Top of The data
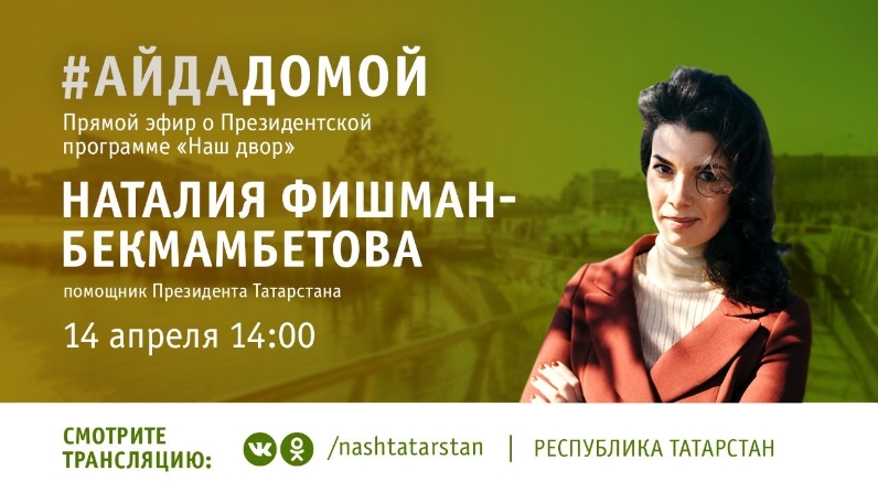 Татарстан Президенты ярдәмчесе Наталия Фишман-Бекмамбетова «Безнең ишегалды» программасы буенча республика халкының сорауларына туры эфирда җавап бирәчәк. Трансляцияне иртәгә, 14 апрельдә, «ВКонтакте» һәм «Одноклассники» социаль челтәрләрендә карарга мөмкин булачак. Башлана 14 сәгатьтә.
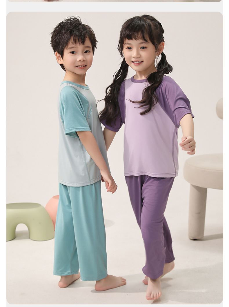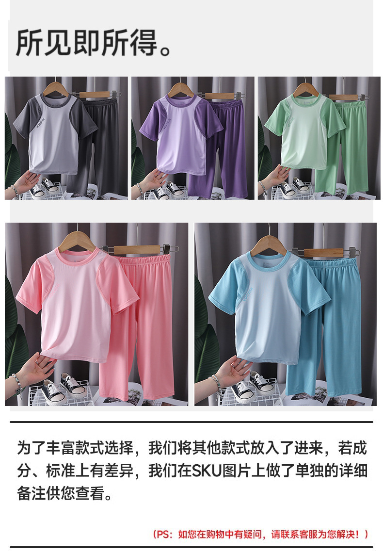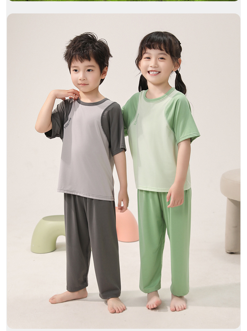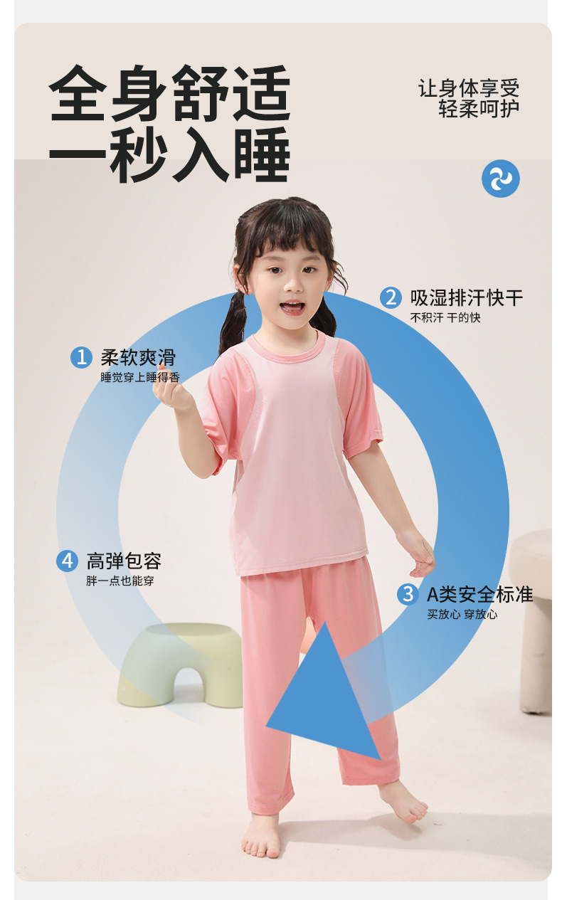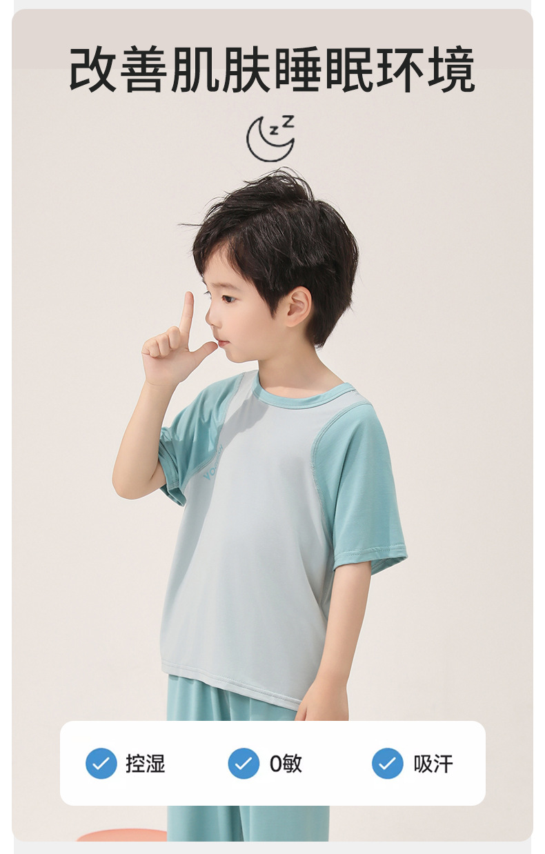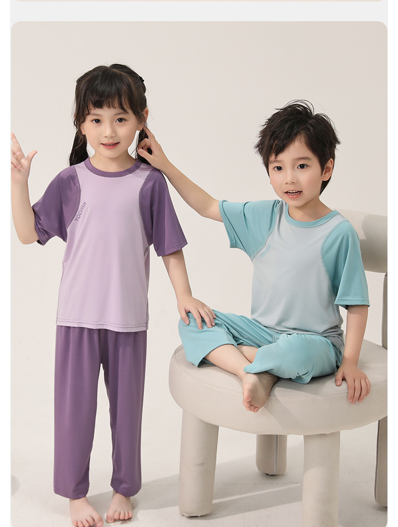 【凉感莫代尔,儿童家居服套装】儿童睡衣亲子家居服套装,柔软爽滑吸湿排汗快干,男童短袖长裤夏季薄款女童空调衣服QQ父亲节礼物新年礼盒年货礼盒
Bottom of The data
Top of The data
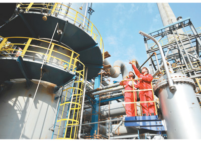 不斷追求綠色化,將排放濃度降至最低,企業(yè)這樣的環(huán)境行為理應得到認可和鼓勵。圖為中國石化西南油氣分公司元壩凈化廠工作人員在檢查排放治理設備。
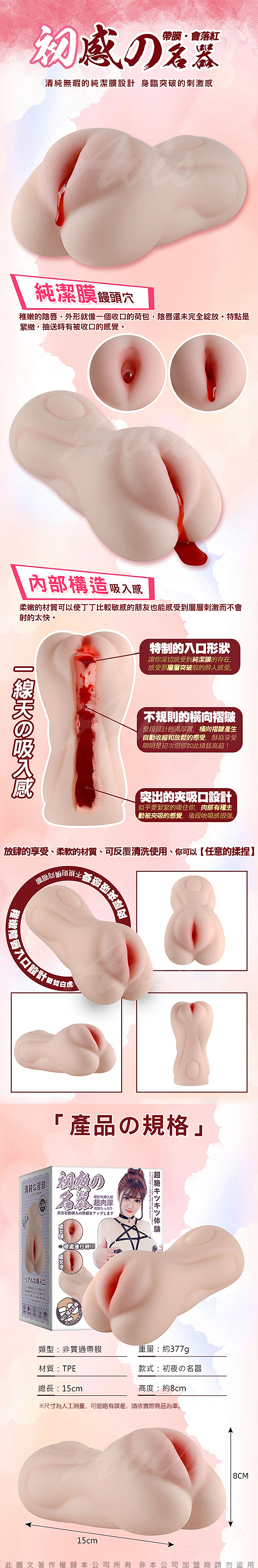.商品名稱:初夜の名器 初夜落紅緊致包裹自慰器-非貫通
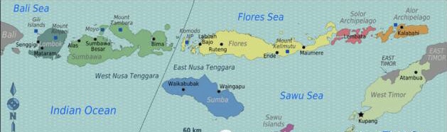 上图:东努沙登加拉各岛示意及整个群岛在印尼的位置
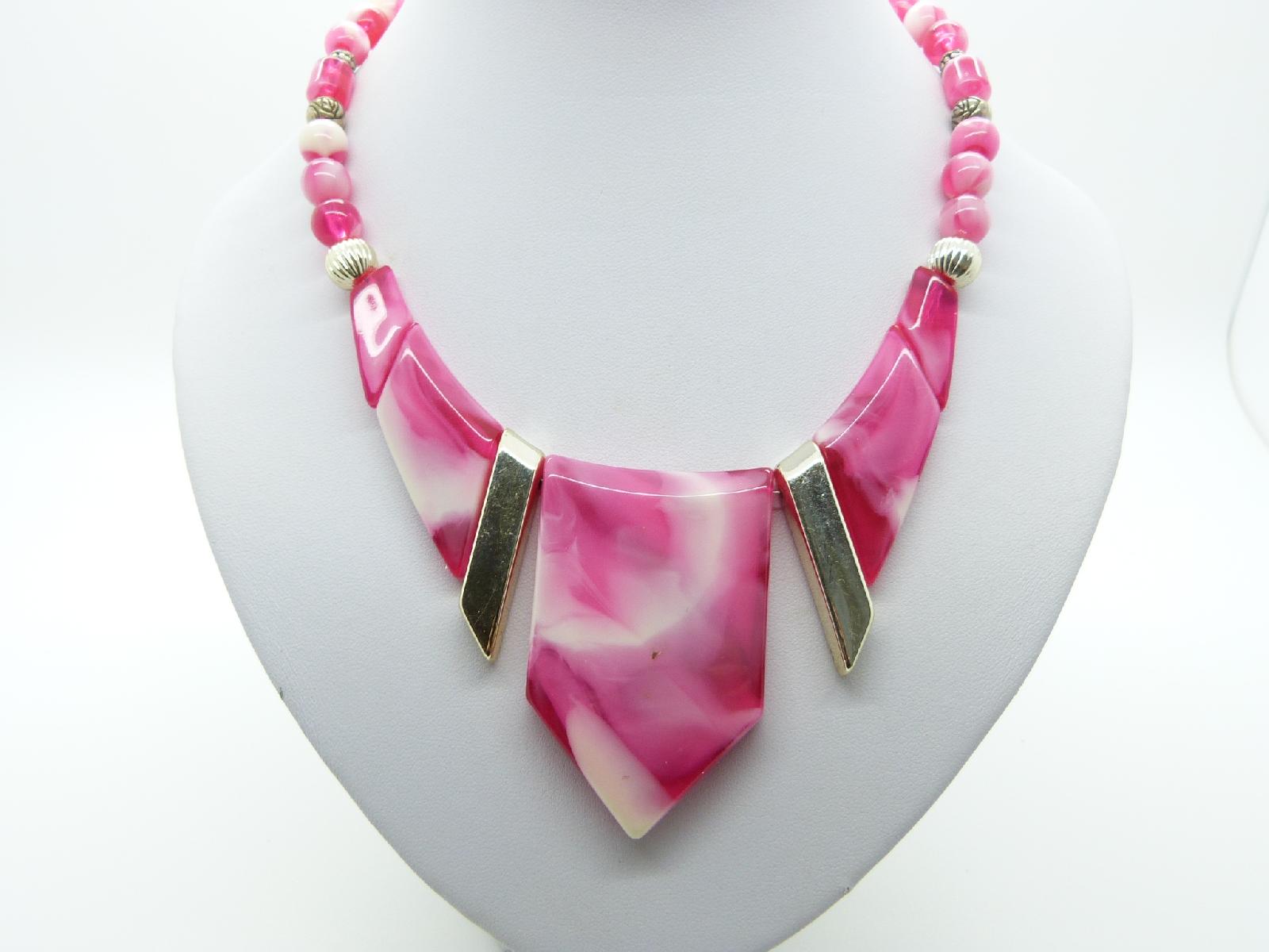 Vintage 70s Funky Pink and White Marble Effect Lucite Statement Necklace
Bottom of The data
▸ **Required work**: For the material above, give again only the lines starting at the line that contains "上图:东努沙登加拉各岛示意及整个群岛在印尼的位置" and ending at the line that contains "Vintage 70s Funky". Pictures do not belong in the copy.

▸ **Exercise result**:
 上图:东努沙登加拉各岛示意及整个群岛在印尼的位置
 Vintage 70s Funky Pink and White Marble Effect Lucite Statement Necklace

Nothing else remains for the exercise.